Task item:
One range is to be output from the listing below, exactly as written: the line with "Дом находится на" to the line with "The May Birthstone", both kept.

Data in this exercise:
+-------+

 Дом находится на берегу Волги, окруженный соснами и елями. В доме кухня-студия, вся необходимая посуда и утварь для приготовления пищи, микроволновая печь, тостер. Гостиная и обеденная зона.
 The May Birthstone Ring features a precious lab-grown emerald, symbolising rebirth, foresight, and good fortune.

+-------+

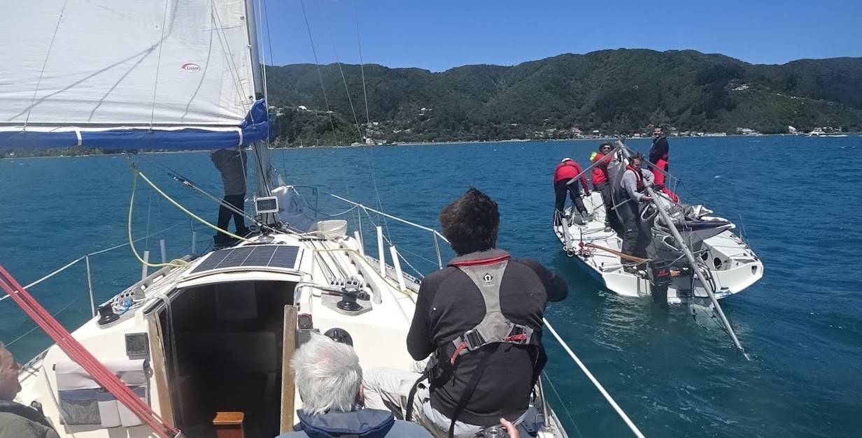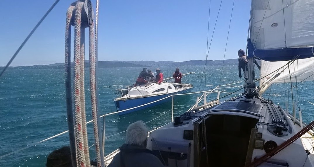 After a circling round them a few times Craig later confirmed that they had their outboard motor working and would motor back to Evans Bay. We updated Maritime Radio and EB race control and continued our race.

+-------+

Task result:
 Дом находится на берегу Волги, окруженный соснами и елями. В доме кухня-студия, вся необходимая посуда и утварь для приготовления пищи, микроволновая печь, тостер. Гостиная и обеденная зона.
 The May Birthstone Ring features a precious lab-grown emerald, symbolising rebirth, foresight, and good fortune.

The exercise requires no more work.